RAUCA: A Novel Physical Adversarial Attack on Vehicle Detectors via Robust and Accurate Camouflage Generation
This work addresses security vulnerabilities in autonomous vehicle systems by improving attack robustness, though it is incremental as it builds on existing neural rendering approaches.
The paper tackled the problem of generating physical adversarial camouflage for vehicle detectors by addressing limitations in capturing environmental characteristics and weather robustness, resulting in RAUCA outperforming existing methods on six object detectors in simulation and real-world tests.

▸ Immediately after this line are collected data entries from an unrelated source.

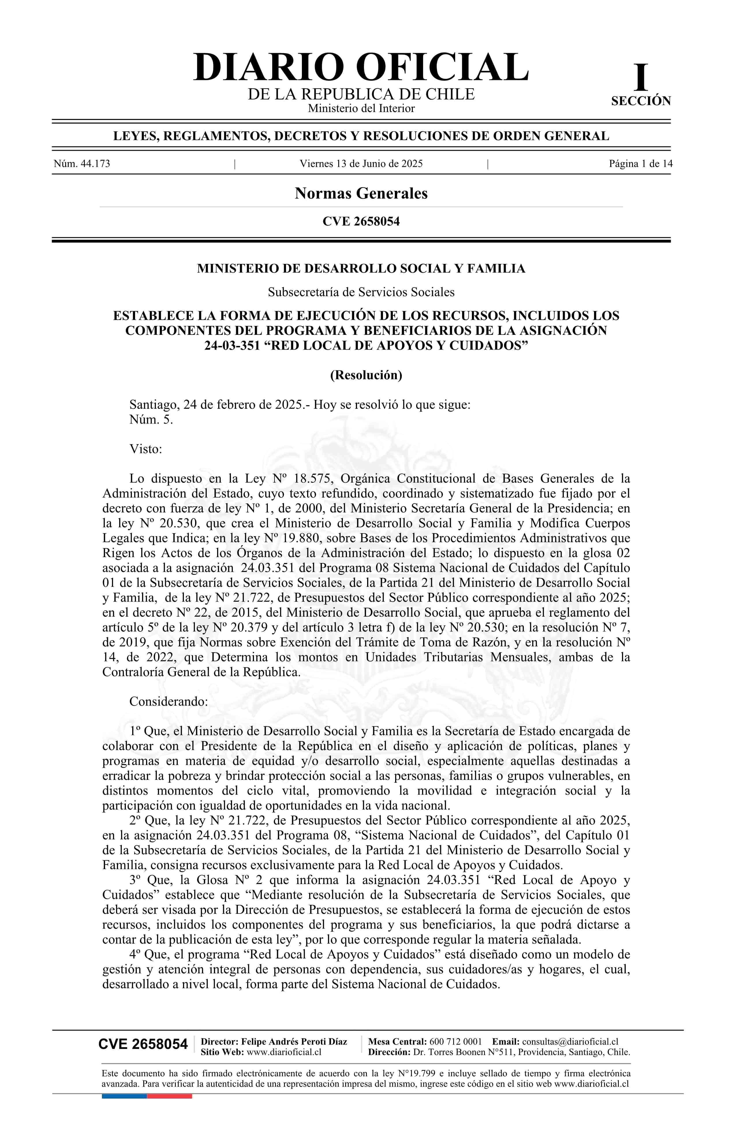 Resolución número 5, de 2025.- Establece la forma de ejecución de los recursos, incluidos los componentes del programa y beneficiarios de la Asignación 24-03-351 Red Local de Apoyos y Cuidados 13-06-2025 DIARIO OFICIAL CHILE - BOLETÍN OFICIAL DE MINERÍA |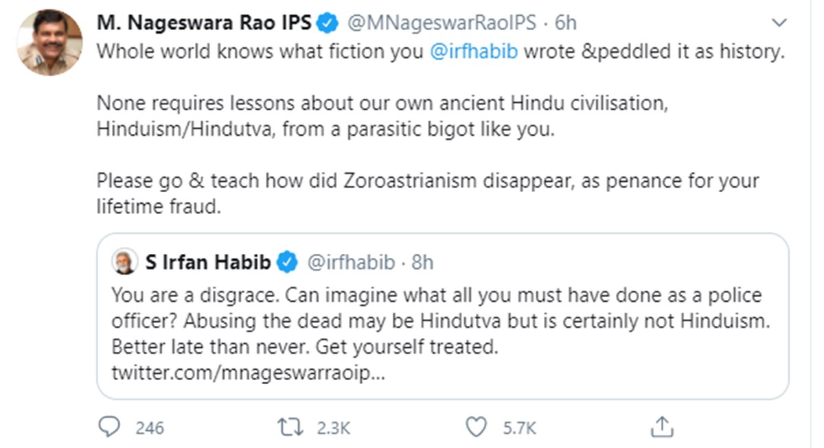 बता दें कि पूर्व आईपीएस अधिकारी पहली बार अपने ट्वीट को लेकर लोगों के निशाने पर नहीं आए हैं। इससे पहले भी इस साल जुलाई में एम.नागेश्वर राव ने एक ट्वीट किया था, जिसमें उन्होंने हिंदू सभ्यता पर पाश्चात्य सभ्यता थोपने का आरोप लगाया था। इस ट्वीट में राव ने लिखा था कि “हिंदुओं के ज्ञान को नकारा गया। हिंदुत्व को अंधविश्वासी कहकर प्रचारित किया गया। शिक्षा व्यवस्था को पाश्चात्य किया गया। मीडिया और मनोरंजन के साथ भी ऐसा ही किया गया। हिंदुओं को उनकी पहचान को लेकर शर्म महसूस करायी गई।”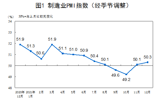 12月份,中国制造业采购经理指数(PMI)为50.3%,比上月上升0.2个百分点,高于临界点,制造业景气水平继续回升。
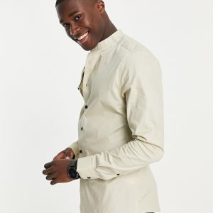 Chemise ajustée avec col grand-père – Taupe sans opinion – Homme grand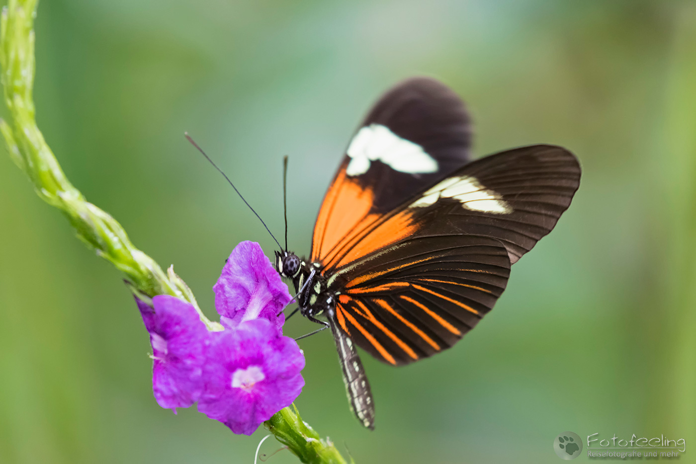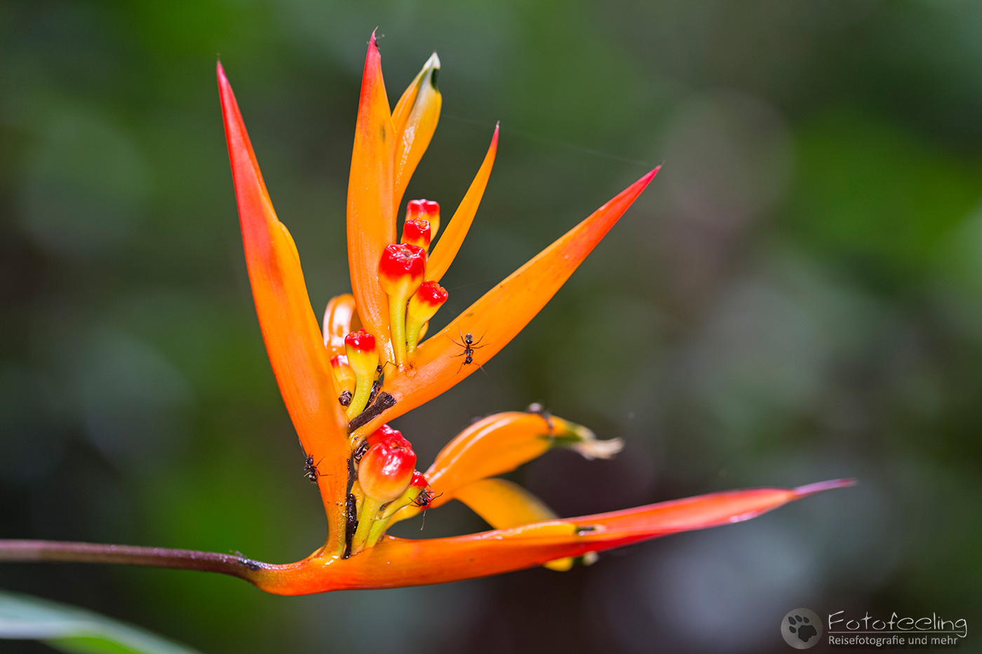 Urwaldwanderung ganz schön nass hier Dichter Urwald Gut, dass wir die Gummistiefel haben Peru Heliconia Blüte eines Brechstrauches (Psychotria) Tropischer Schmetterling, Heliconiinae Butterfly Tropischer Schmetterling, Heliconiinae Butterfly

Adversarial camouflage is a widely used physical attack against vehicle detectors for its superiority in multi-view attack performance. One promising approach involves using differentiable neural renderers to facilitate adversarial camouflage optimization through gradient back-propagation. However, existing methods often struggle to capture environmental characteristics during the rendering process or produce adversarial textures that can precisely map to the target vehicle, resulting in suboptimal attack performance. Moreover, these approaches neglect diverse weather conditions, reducing the efficacy of generated camouflage across varying weather scenarios. To tackle these challenges, we propose a robust and accurate camouflage generation method, namely RAUCA. The core of RAUCA is a novel neural rendering component, Neural Renderer Plus (NRP), which can accurately project vehicle textures and render images with environmental characteristics such as lighting and weather. In addition, we integrate a multi-weather dataset for camouflage generation, leveraging the NRP to enhance the attack robustness. Experimental results on six popular object detectors show that RAUCA consistently outperforms existing methods in both simulation and real-world settings.